On February 5, 2020, the Executive Board of the
International Monetary Fund (IMF) concluded the 2019 Article IV
consultation

[1]

with the Solomon Islands.

The Solomon Islands economy grew by 3.9 percent in 2018 driven by a
strong performance in logging, infrastructure spending, fisheries,
agriculture, and manufacturing. However, growth is expected to have
slowed to 2.7 percent in 2019 from weakening logging exports and the
temporary pause in economic activity around the election period.
Inflation remains subdued at an annual rate of 1.7 percent in August
2019. The current account deficit has widened with higher
infrastructure imports but international reserves remain comfortable.

Monetary conditions are accommodative. Excess liquidity overhang has
reduced, and credit growth slowed to 4.1 percent year-on-year at end of
2018.

The fiscal deficit widened to 2.7 percent of GDP in 2019 and is
expected to widen further over the medium term. Public debt is
currently low but rises over the medium term. Risks are on the downside
with weak fiscal policy, decline in logging, spending pressures
associated with the Pacific Games 2023, and spillovers from global
trade tensions.


Executive Board Assessment

[2]

Executive Directors welcomed the recent growth performance, the
improvement in the fiscal position in 2018, low inflation and a
comfortable international reserves cover. However, they noted that
growth is slowing, fiscal pressures have begun to re-emerge and risks
to the outlook are mostly on the downside. Directors urged the
authorities to maintain fiscal discipline, strengthen governance and
improve the business environment to sustain growth.

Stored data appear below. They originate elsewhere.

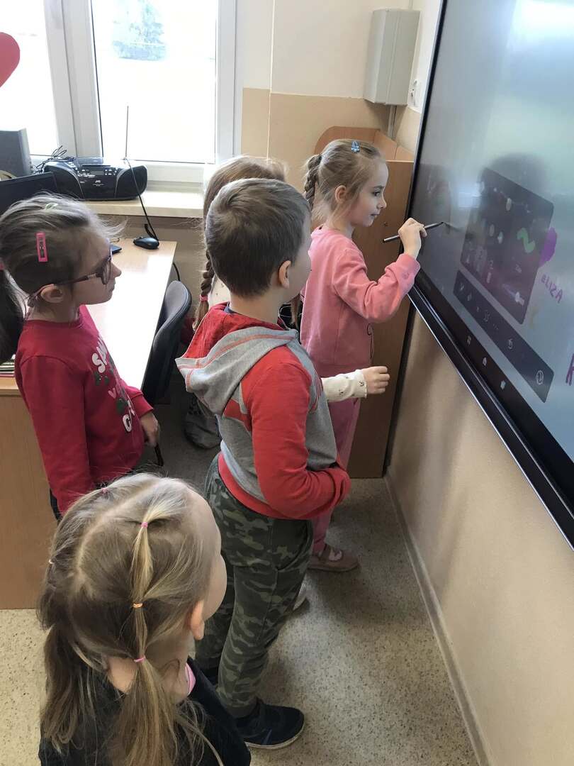 Dzieci uczestniczyły w lekcjach klasy II i klasy III, poza tym zobaczyły także jak wyglądają pozostałe sale lekcyjne oraz sala komputerowa.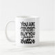 Black and white lino print of a motivational quote that says "You are good enough, but you can always be better". Offers encouragement for people to know that self-acceptance and growth go hand in hand.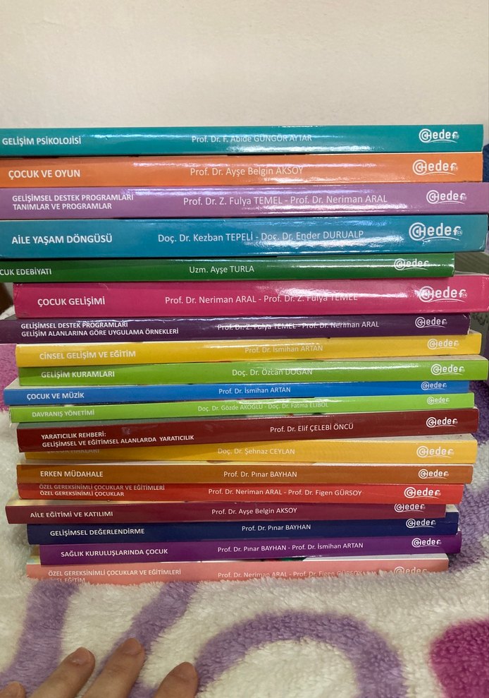 Çocuk gelişimi, eğitim, psikoloji ve aile yaşam döngüsü konularını içeren sınav hazırlık kitapları seti.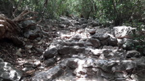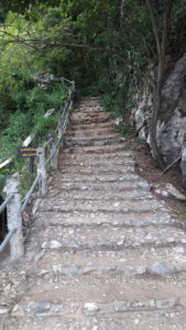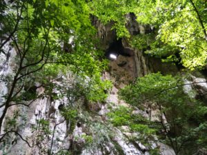 At the time , we chose the 2nd choice due to the time limit. While we were on our way to the cave , we had seen the primate called “ Dusky Langur” wander around and look at us from the trees’ top. We’re quite lucky to see the Wood pecker as well as some Jungle fowl as well on the walk way. From the entrance , you could see the sign “ Phayanakorn Cave 450 meters up and of course it’s the time to exercise.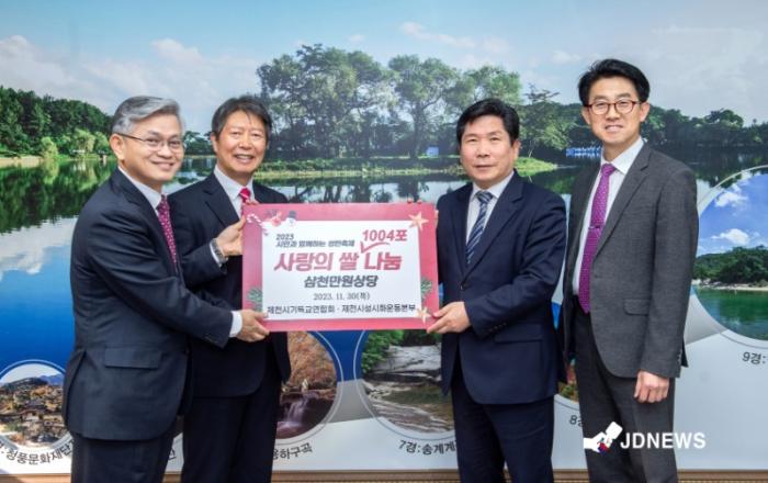 ▲ 사랑의 쌀 나눔 기탁식충북 제천시 기독교연합회(회장 최영준 목사)가 주최하고 제천시 성시화운동본부(본부장 박선순 목사) 주관 ‘2023년 제천시민과 함께 하는 성탄문화제’가 12월 2일 시민회관 광장에서 시작된다.제천시가 후원하는 올해 성탄문화제는 12월 2일 오후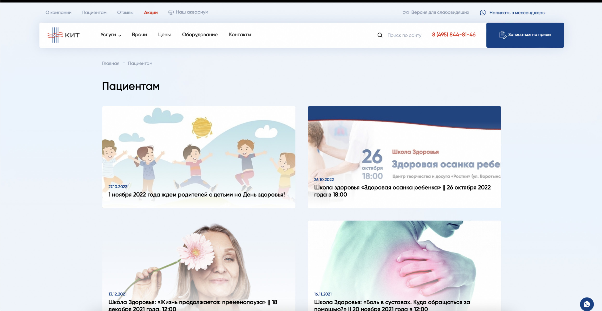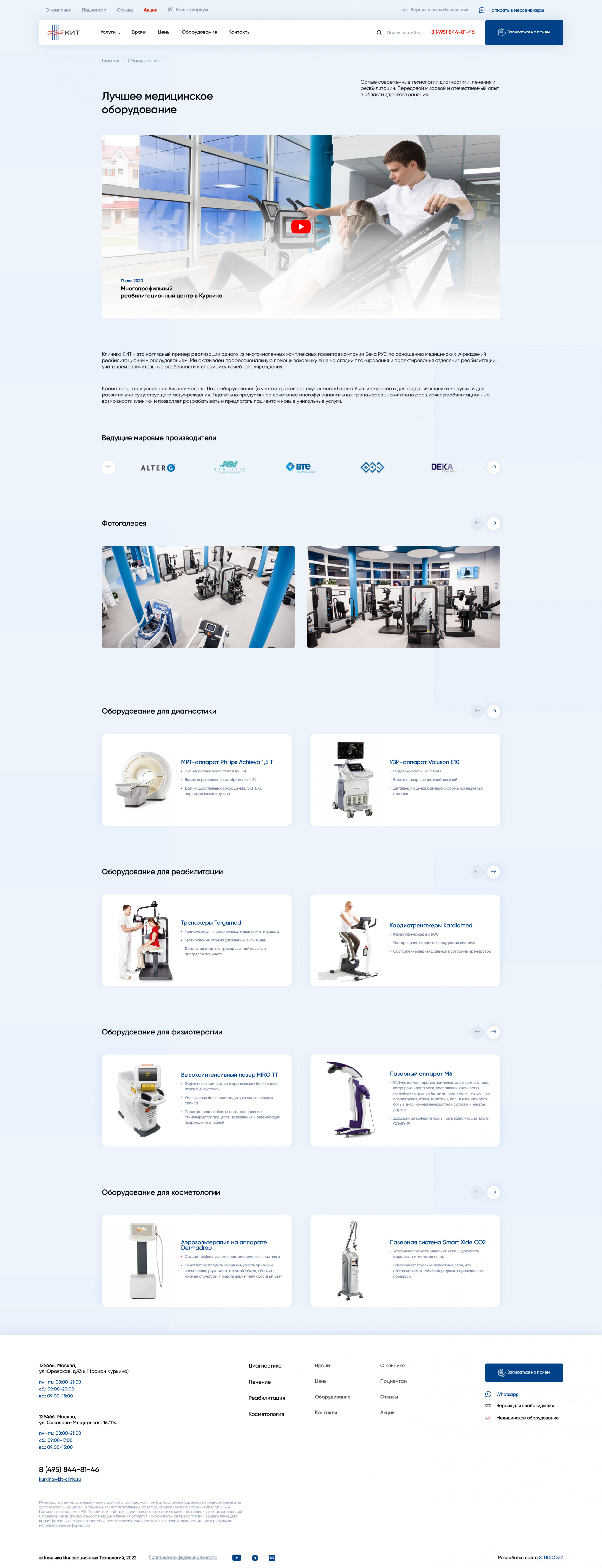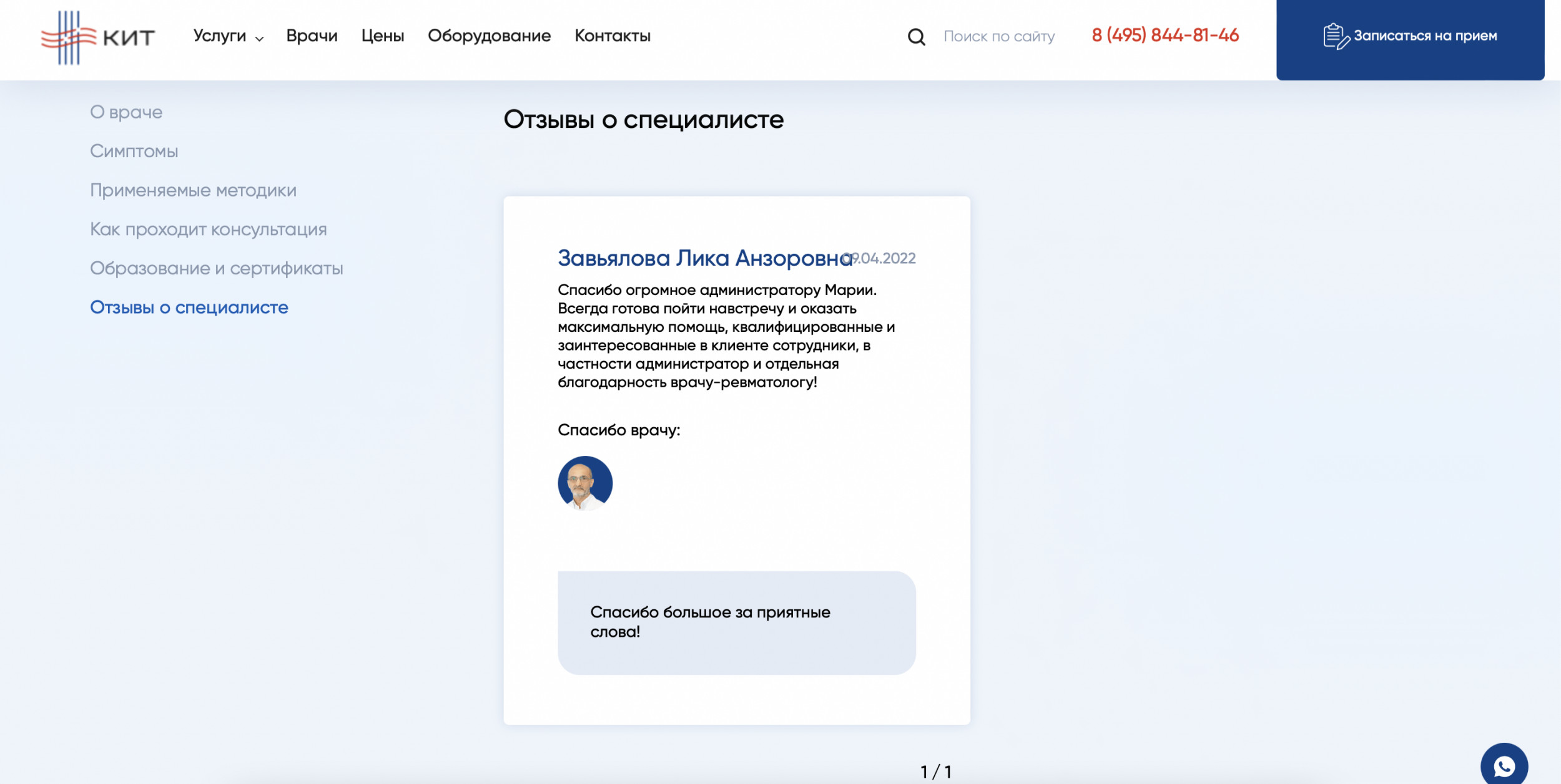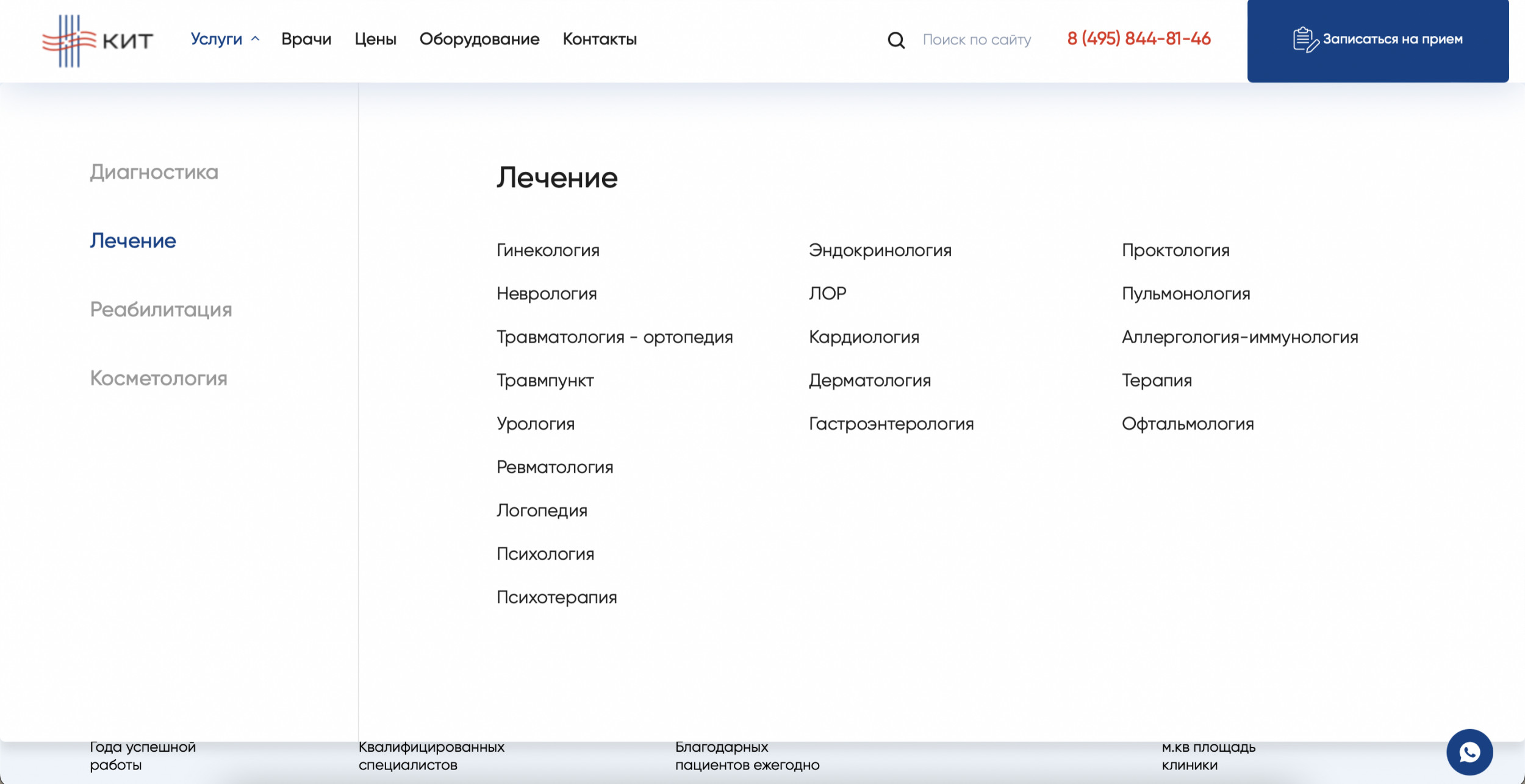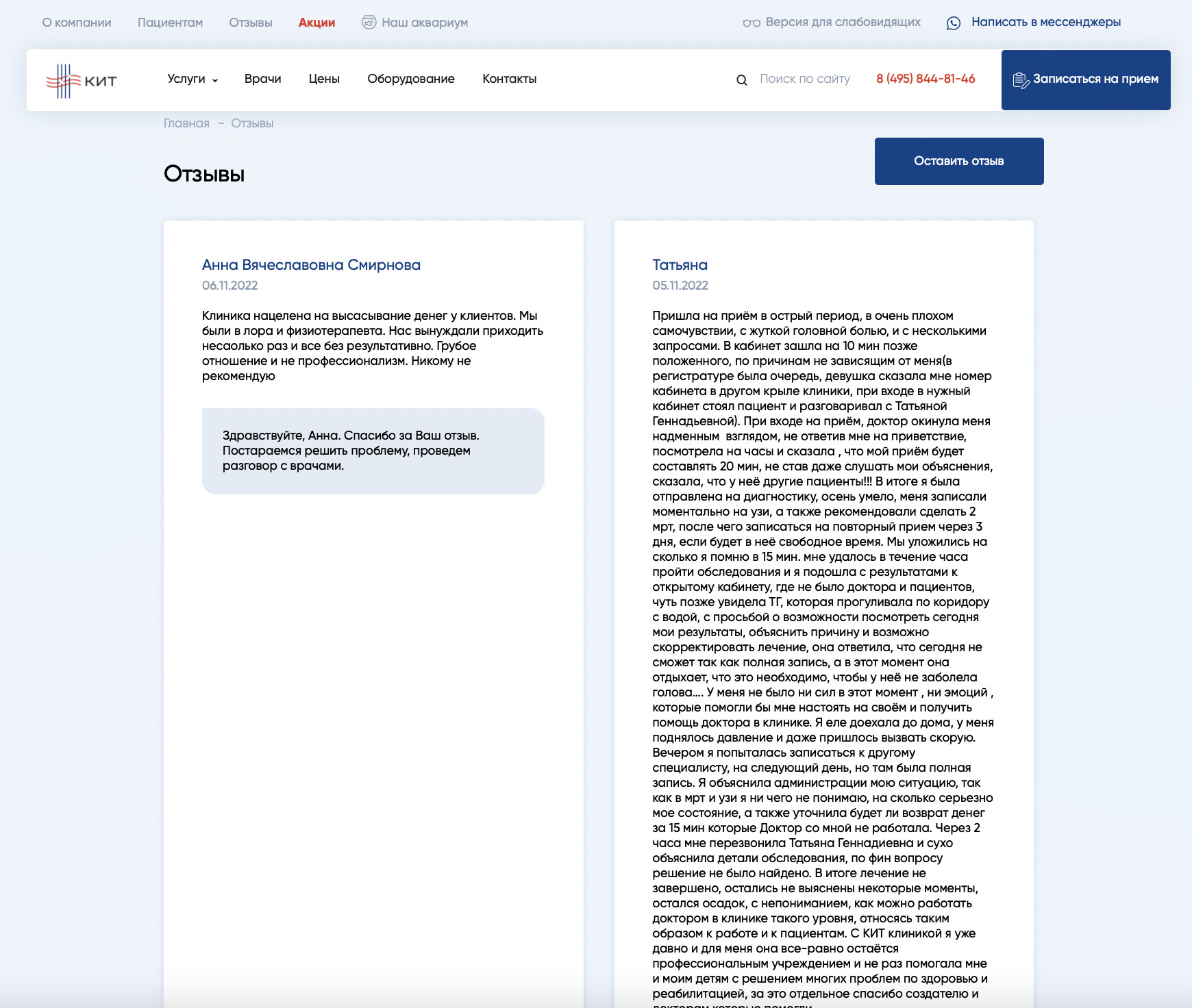 В зависимости от ситуации человек может оказаться в любой части сайта: от карточки конкретного товара до главной страницы. Предлагаем рассмотреть ситуацию, когда пользователь попадает на главную страницу. Первый экран состоит из четырех важных элементов: Читатели-специалисты, думаете, все слишком предсказуемо? Но ведь работает! Клиент — типичный представитель медицинской ниши. Нет смысла менять устоявшуюся структуру, к которой привыкли пользователи, повидавшие десятки сайтов иных клиник. Гораздо важнее другое: как быстро «типичный пользователь» доберется до нужного раздела с услугами. Человек кликает по кнопке в шапке сайта и попадает в развернутый каталог. Тут есть четыре категории — диагностика, лечение, реабилитация, косметология. Вместо классического списка услуг человек видит удобную структуру, адаптированную точно под его потребности. Если мы вывалим весь список услуг сразу, пройдет немало времени, прежде чем пользователь найдет нужную услугу из длинного списка. Есть вероятность, что он и вовсе закроет сайт и уйдет к конкурентам. Но ведь гораздо лучше, когда все услуги собраны по удобным разделам! Похожий порядок позиционирования услуг мы применили на втором экране главной страницы сайта. Когда человек находит нужную услугу из списка, он попадает на соответствующую страницу-карточку услуги. Она включает несколько блоков, каждый из которых призван «прогреть» посетителя к оформлению сделки: Все блоки расположены в строгом порядке и не мешают друг другу. Особенно важно было соблюсти логику вложенности, где конкретные услуги входят в общие услуги, а общие услуги — в разделы. Большая часть пользователей выбирают не услугу, а врача. Это смежные, но одновременно принципиально разные потребности. Поэтому после презентации доступных услуг и подготовки десятков карточек мы приступили к оформлению раздела с медицинскими специалистами. В разделе «Врачи» доступна опция поиска докторов по специальностям. Если человек выберет нужный параметр, то попадет на страницу с перечнем доступных врачей. Под каждого специалиста мы подготовили отдельную страницу, куда поместили основную информацию о специалисте и добавили отзывы. Отзывы помогают посетителю быстрее сориентироваться в выборе. Время до оформления заявки заметно сокращается. В конце страницы с врачом расположен прайс-лист на услуги специалиста. Если же человек изначально заходит на сайт в поисках общего прайс-листа, то может выбрать раздел «Цены». Здесь, по уже привычному принципу вложенности, расположен подробный список оказываемых услуг вместе с ценниками. Поскольку клиника КИТ позиционирует себя как инновационный центр, важно поместить отдельный раздел с описанием доступного оборудования. Посетитель может изучить доступную для работы технику, найти ее характеристики и увидеть те услуги, для которых применяется тот или иной вид оборудования. Мы сделали два раздела для пользователей, которые любят читать. Одним — большой блог со статьями и обновляемыми новостями, другим — раздел со всеми отзывами о клинике, ее услугах и врачах. Блог нужен не только для заинтересованной части пользователей, но и как инструмент для поискового продвижения. С его помощью можно привлекать органический трафик из поисковых систем. Раздел с отзывами — это отличная возможность 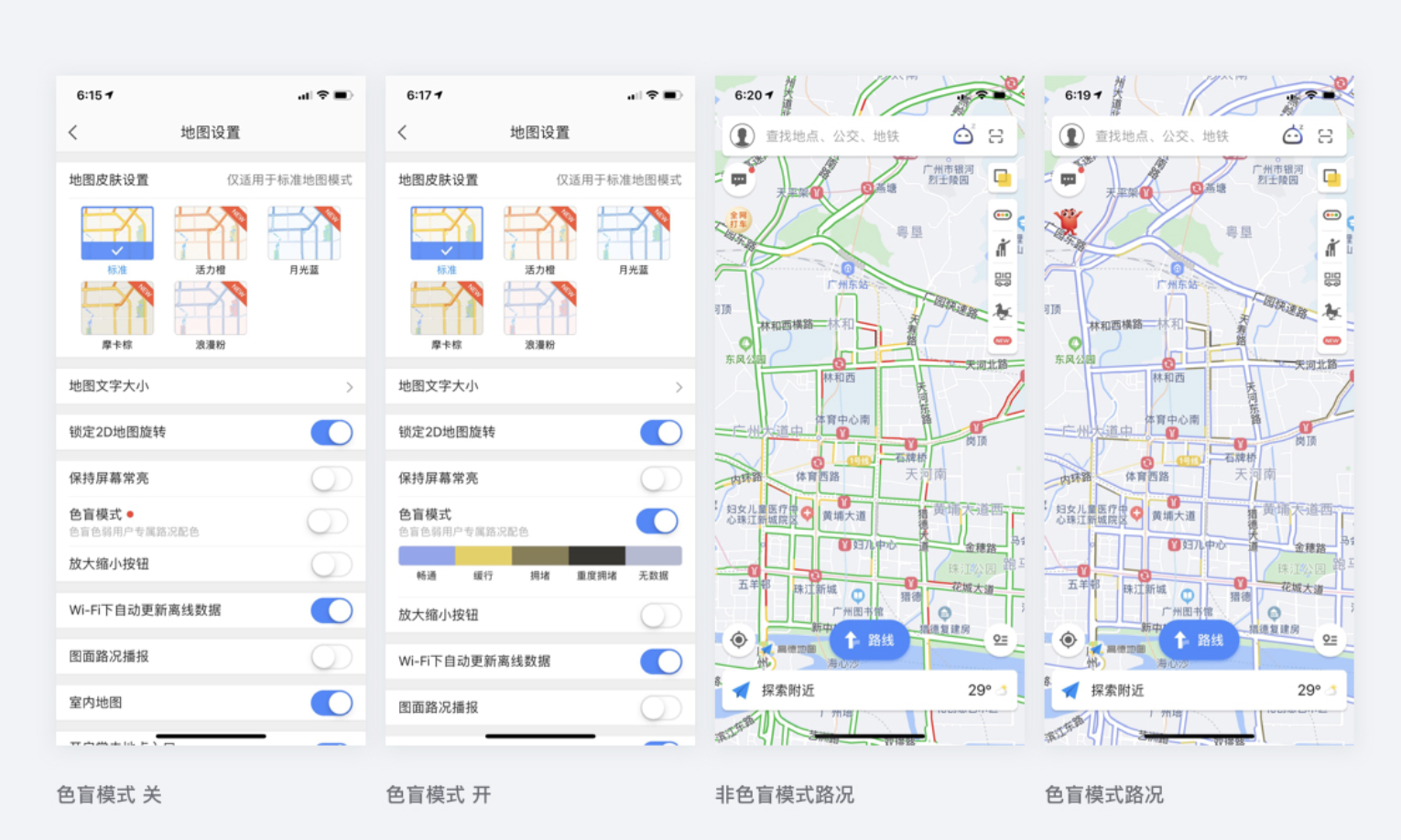 - 無障礙化的設計:重視服務特殊人群的設計,體現(xiàn)人文關懷和產品合理性、智能性,如高德地圖 APP 為色盲人群提供專屬路況信息顏色開關并可隨意編輯顏色。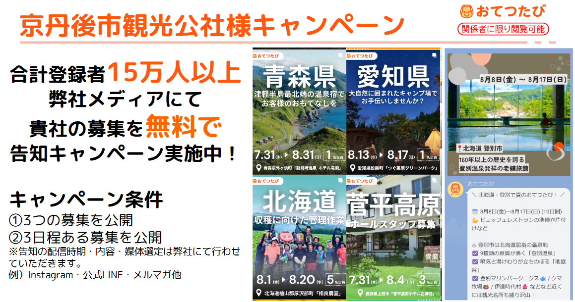 この度、15万人以上が登録するおてつたびのメディアに会員施設の募集を無料で掲載する「募集告知キャンペーン」を実施いたします。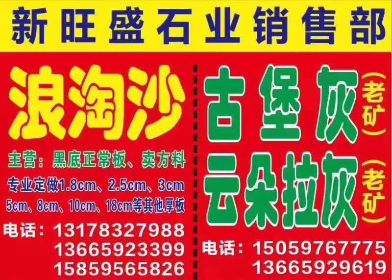 新旺盛石業(yè) 聯(lián)系人:曾(花崗巖)    131****7988 查看 手機(jī)號(hào)碼:無 主營(yíng)范圍: 大板批發(fā)、 企業(yè)地址:福建泉州南安市G1502(壽溪特大橋)東升石材城4通道D12-2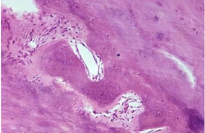 Fig.29:ISTOLOGIA DELLA TIMPANOSCLEROSI: CALCIFICAZIONE ED OSSIFICAZIONE L’ossificazione eterotopica appare come UN osso neoformato con trabecole irregolari. H & E 145 X. From Gallery
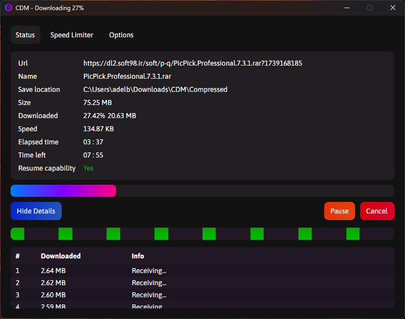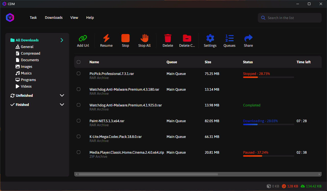 Cross Platform Download Manager (CDM) je přehledný multiplatformní správce stahování, který umožňuje i integraci přímo do webových prohlížečů pro pohodlnější stahování souborů. Samozřejmostí je také podpora vícevláknového stahování, což umožňuje rychlejší stažení souborů rozdělením do více segmentů. Samozřejmostí je možnost správy fronty stahování a určení vlastních priorit.

Directors emphasized that policy measures are needed to secure fiscal
sustainability and build resilience, including to natural disasters
through investment and contingency planning. They encouraged rebuilding
the government cash balance, for which it would be essential to
strengthen expenditure control and prioritize spending in line with the
National Development Strategy. Sustaining efforts to boost revenues,
increasing tax compliance, improving efficiency of the tax system and
strengthening revenue administration would also bolster the fiscal
position.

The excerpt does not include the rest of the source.